Video gaming on computers and games consoles can be educational and sometimes benefit your child physically . As technology has improved and popularity has increased, a number of different types of game and playing styles have become available.
The competition in the market and the ever-increasing demands of gamers, have meant that games have developed added depth and detail, and more personalisation.
To give yourself the best chance of helping your child stay safe, find out about all the different types of game children play online.
Age and content ratings for games
Many games are for adults and may contain themes, language and images that are inappropriate for your child. It is important that you make sure the games they are playing are suitable for them.

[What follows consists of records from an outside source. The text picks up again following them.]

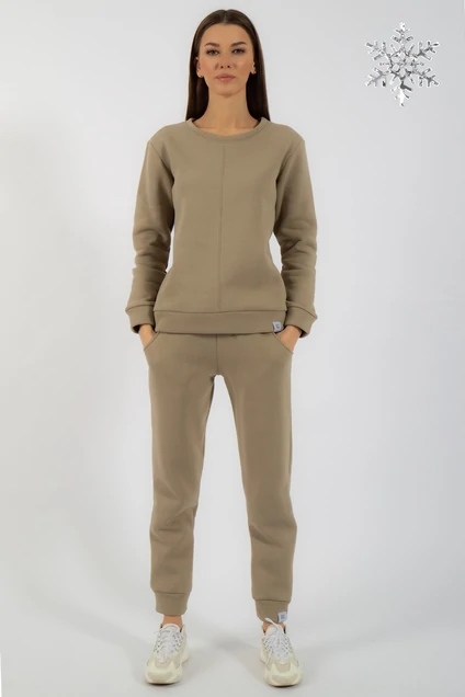 Костюм утепленный на флисе. Свитшот с принтом либо отделкой по переду. Брюки модели средней посадки зауженные к низу с карманами в боковых швах. Обработка низа брюк манжета. Ткань футер (3-х ниточный) с внутренним слоем утепленным начесом, качество Пенье, плотность 380 г.м2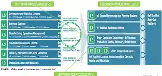 所以,从L2到L0,是指从生产控制到生产工艺的环节,这部分强调工艺的自动化。在L3生产管理的部分,则谈生产管理,从相关的MES到MOM,这层主要目的是实现制造运营的流程化。从L4两化融合到物联网赋能,这部分重在相关的工业化。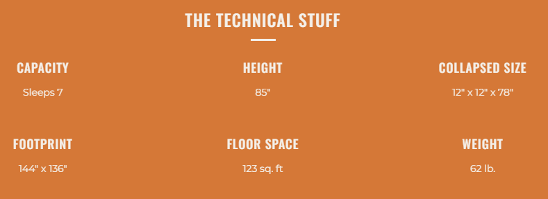 • SPACIOUS 6-SIDED DESIGN – With 123 sq. ft. of floor space and 85” center height, the T-Hex comfortably sleeps up to seven people and provides ample room for gear, creating a nearly gazebo-like camping experience.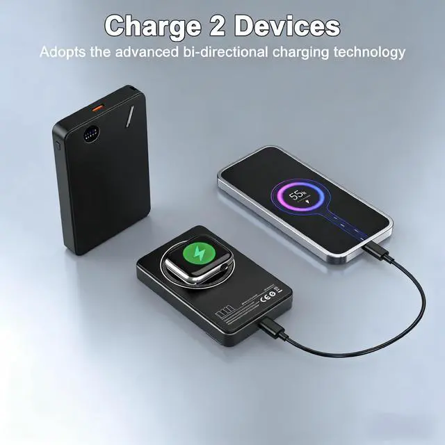The magnetic power bank supports charging while in use, saving you time and enhancing your user experience.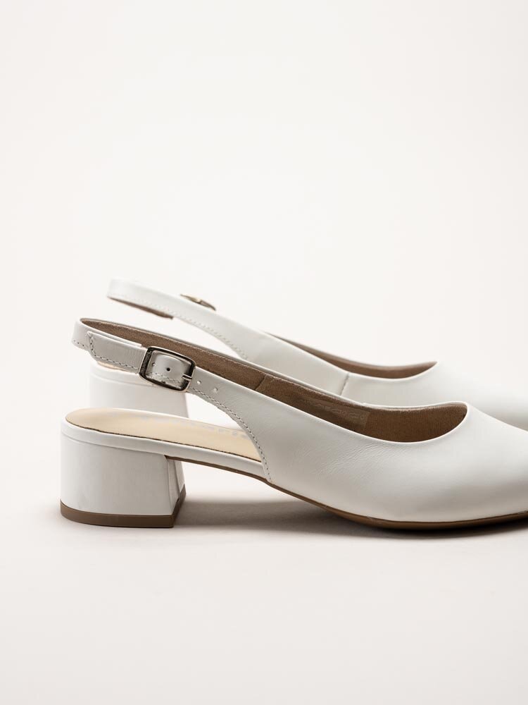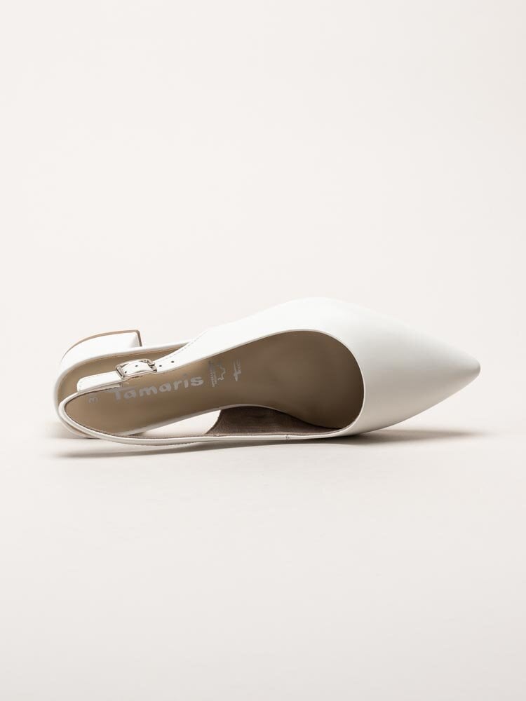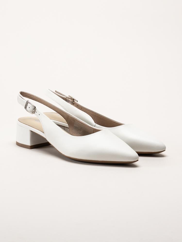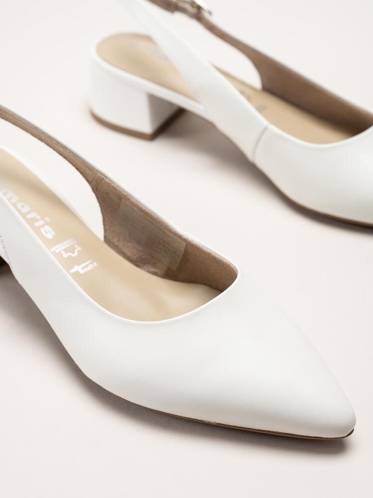 Vita slingback pumps i skinn från Tamaris i färgen White Leather. En elegant och feminin modell i mjukt skinn som ger ett klassiskt och sofistikerat helhetsintryck, lika fin till kontoret som till festligare sammanhang. Slingback-designen skapar en luftig känsla och ger samtidigt en trygg och följsam passform runt foten.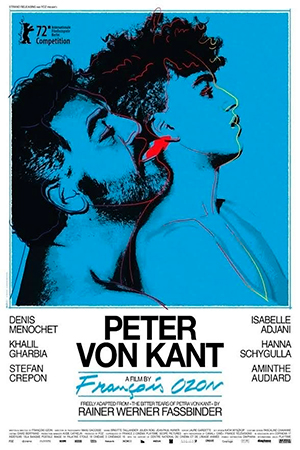 PETER VON KANT. Dir. François Ozon. Comédia, drama. 2022. 86 min. 16 anos. Peter von Kant é um diretor de cinema de sucesso e mora com seu assistente Karl, a quem gosta de maltratar e humilhar. Sidonie, uma grande atriz que foi sua musa por muitos anos, o apresenta a Amir, um belo e modesto jovem. Peter se apaixona por Amir e se oferece para dividir seu apartamento com ele e ajudá-lo a entrar na indústria cinematográfica. O plano funciona, mas assim que ganha fama, Amir termina com Peter, deixando-o sozinho para enfrentar seus demônios.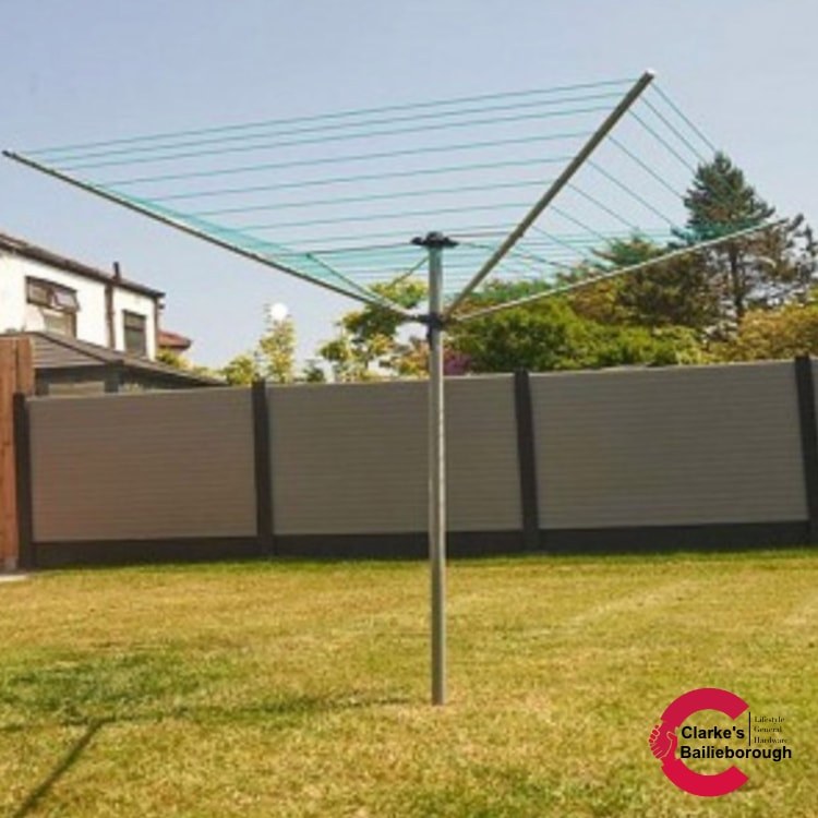 - 4 arm rotary design maximises drying space while saving garden room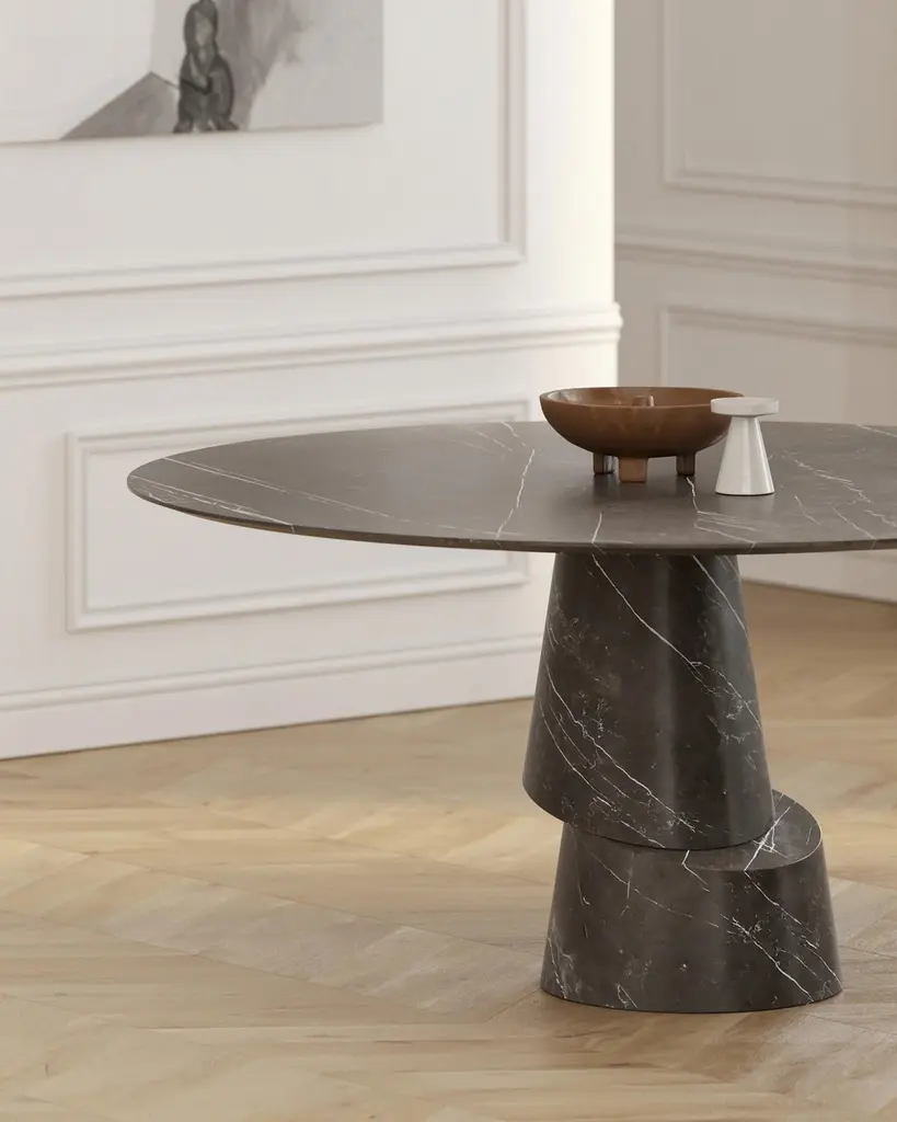 Awarded as the best residential table design of the 2021 by Interior Design Magazine, Slice table is the expression of a simple but incisive geometric operation that challenges the force of gravity and our perception of equilibrium.The monolithic support is sliced by a neat oblique cut in two portions that, sliding on each other, trigger a sense of tension in the surrounding environment and in our perception of the space we live in.Slice takes shape from the synergy between mass and gravity, stability and movement, heaviness and lightness. The result is a destabilizing elegance on the brink of collapse.The moment we accept the change as part of our experience, the tension becomes relaxation.The base of Slice is crafted from a monolithic block and can be executed in a wide spectrum of natural stones and finishes. The tabletop is custom-made and can be fabricated in several diameters and shapes, with the possibility of using stones different from the base.Slice table is 100% crafted on-demand in Italy.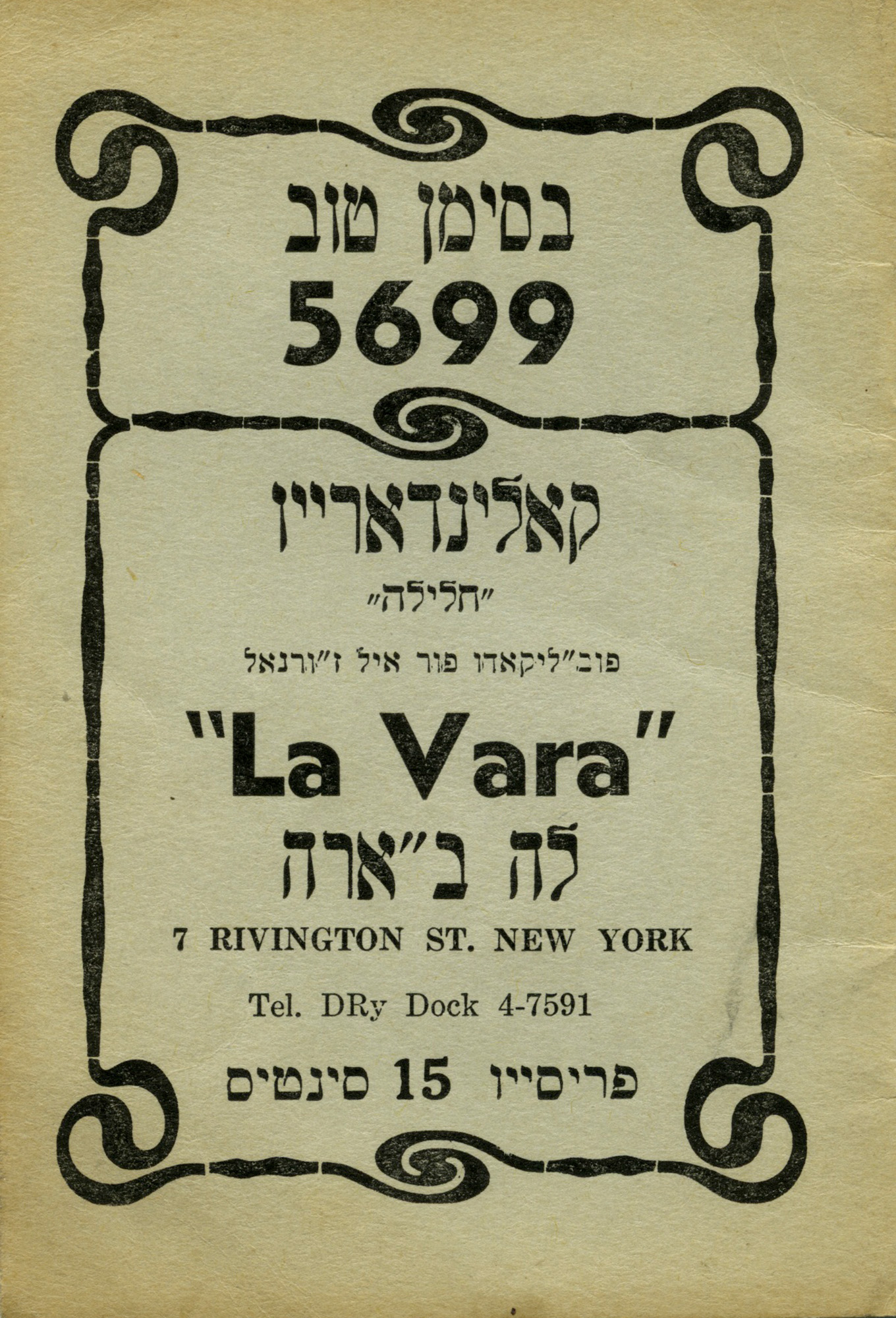 Be-siman tov 5699 : Kalendario «halila»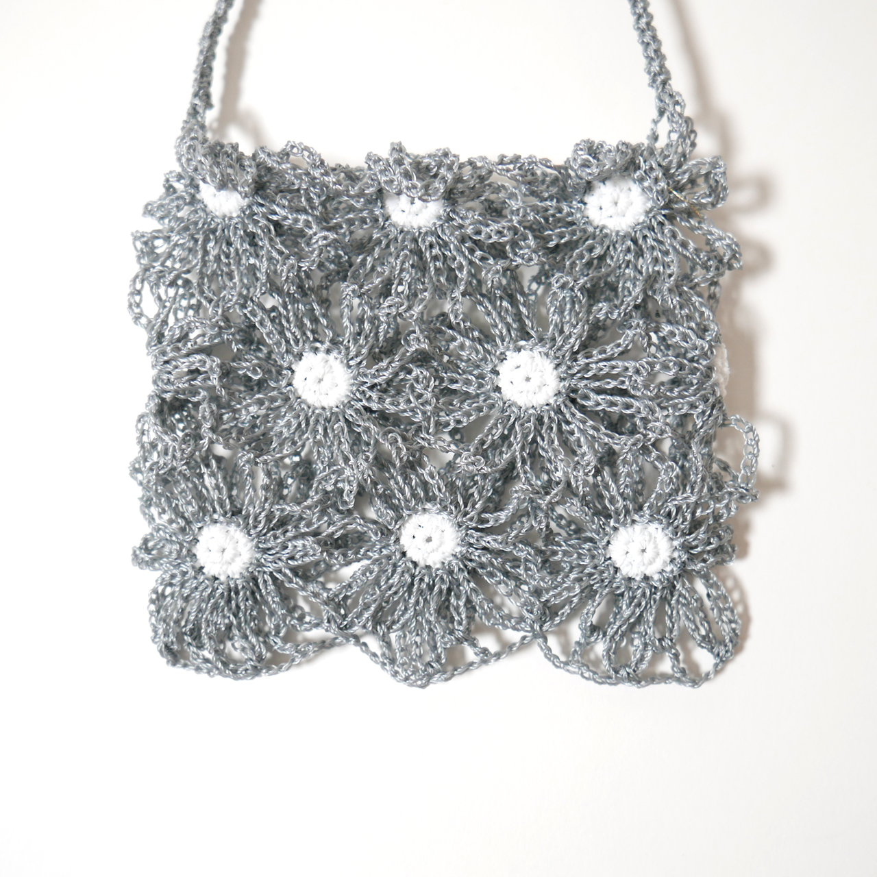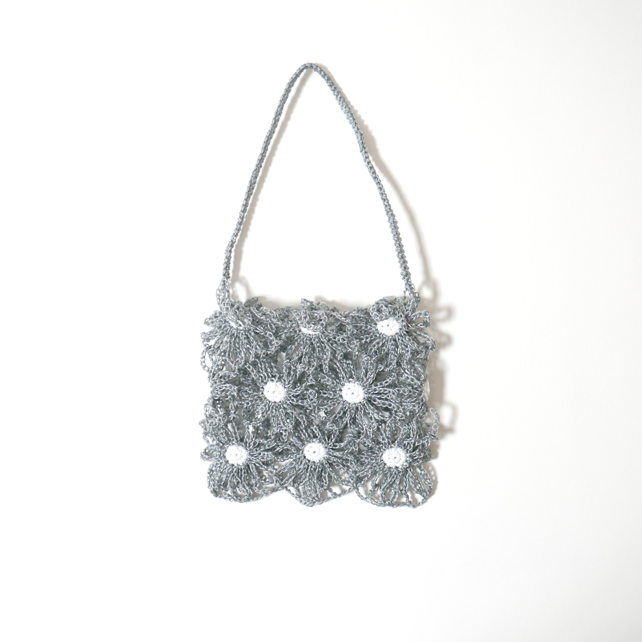 시원해 보이는 메탈릭 그레이 데이지 꽃과 하얀 꽃술의 아름다운 가방입니다.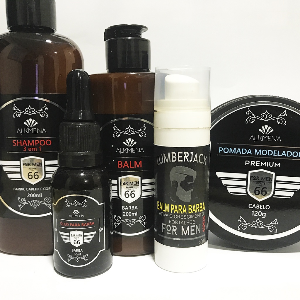 Kit Shampoo, Balm, Óleo para Barba, Pomada Translucida e Ativador de Crescimento para barba - Alkmena (Presenteável)
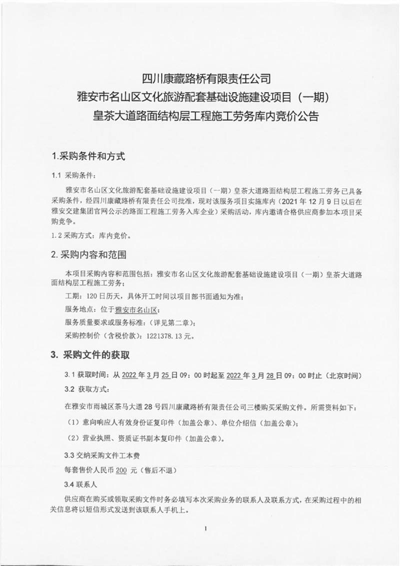 四川康藏路橋有限責(zé)任公司雅安市名山區(qū)文化旅游配套基礎(chǔ)設(shè)施建設(shè)項目(一期)皇茶大道路面結(jié)構(gòu)層工程施工勞務(wù)庫內(nèi)競價公告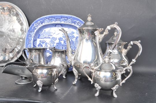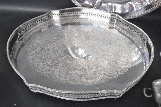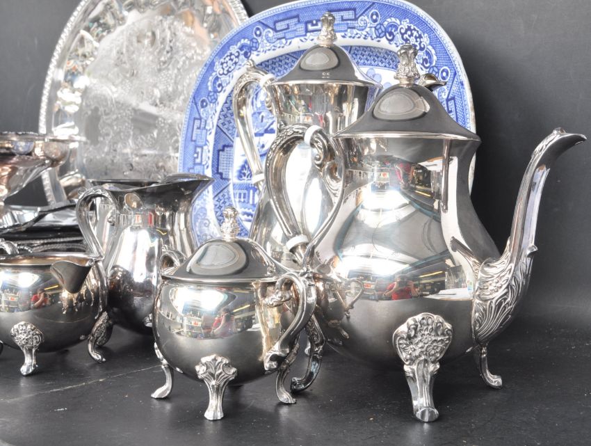 A large collection of vintage 20th century silver plated ware to include teapot, hot water pot, creamer jug, sugar bowl, serving trays and many more. All being decorated with foliate motifs. Measures 32cm x 28cm.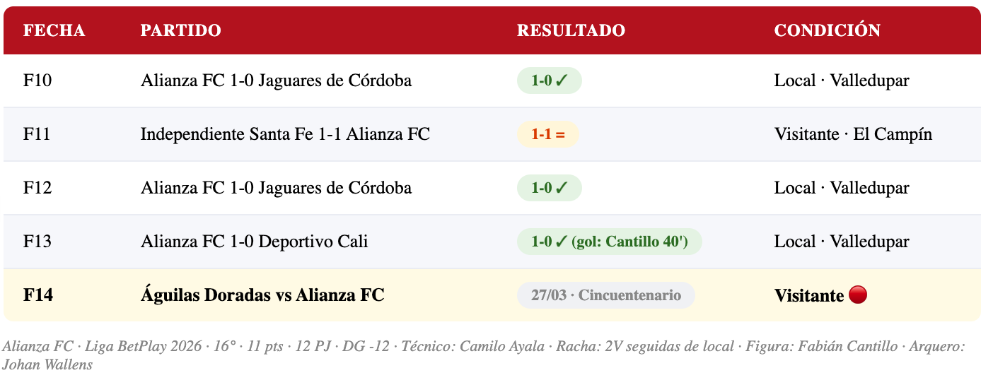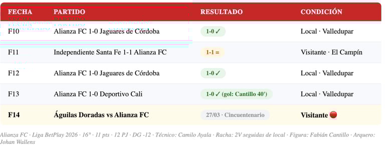 Alianza FC es el equipo que más ha crecido en la recta final del Todos contra Todos. Después de un torneo catastrófico en las primeras 10 fechas — apenas 1 victoria, 6 goles a favor y 19 en contra — el equipo del técnico Camilo Ayala encontró una versión completamente diferente. La victoria 1-0 sobre Jaguares (F12), el empate 1-1 ante Santa Fe (F11) y la victoria 1-0 sobre Deportivo Cali en Valledupar (F13) son tres resultados que cambian el panorama. Fabián Cantillo fue el héroe ante Cali con un gol de cabeza al minuto 40, y el equipo mostró una solidez defensiva que no había tenido en todo el torneo.

All video games sold in the UK must have age ratings clearly marked on the front and back of their boxes. The age ratings are chosen using the Pan-European Games Information (PEGI) system. PEGI classifications and labels are required on products unsuitable for children under 12 and it is a requirement to make sure PEGI 12, 16 and 18-rated products are only sold to those of the right age.
It is illegal for a retailer to sell a video game with a PEGI age rating of 12, 16 or 18 to someone below that age. Also, where necessary, games are asked to display icons on their boxes to give an idea of the content. These icons include drugs, violence, bad language and themes of a sexual nature.
Chatting and communicating with other players
While playing online, players can communicate with each other by:
- sending messages which can be typed as part of the game
- chatting online while playing the game
- physically speaking using headsets/microphones
Although many gaming environments and communities are moderated, some of the communication taking place may be unmonitored. This can place your child at risk of cyberbullying or contact from potentially dangerous strangers.
Tips for staying safe while playing online
You can help keep your child safe by following these tips:
- chat to them about their gaming and ask who they are in contact with
- research games before deciding whether they are right for your child – consumer opinion forums are widely available online, along with publications and websites dedicated to reviewing games
- familiarise yourself with the games to check they’re suitable – you can do this by playing them yourself or by watching your child playing them
- get them to use a screen name that doesn’t include any clues about their real name
- advise them to never give out personal information such as their email address, phone number or location
- encourage them to tell you if they are being bullied or if there are any users they feel uncomfortable about - many games have the facility to ‘block’ other players
- report any threatening or suspicious behaviour to the game’s administrators or to the Child Exploitation and Online Protection centre (CEOP)
As with all online environments, if your child makes a friend online and wants to meet them you should always go along with them.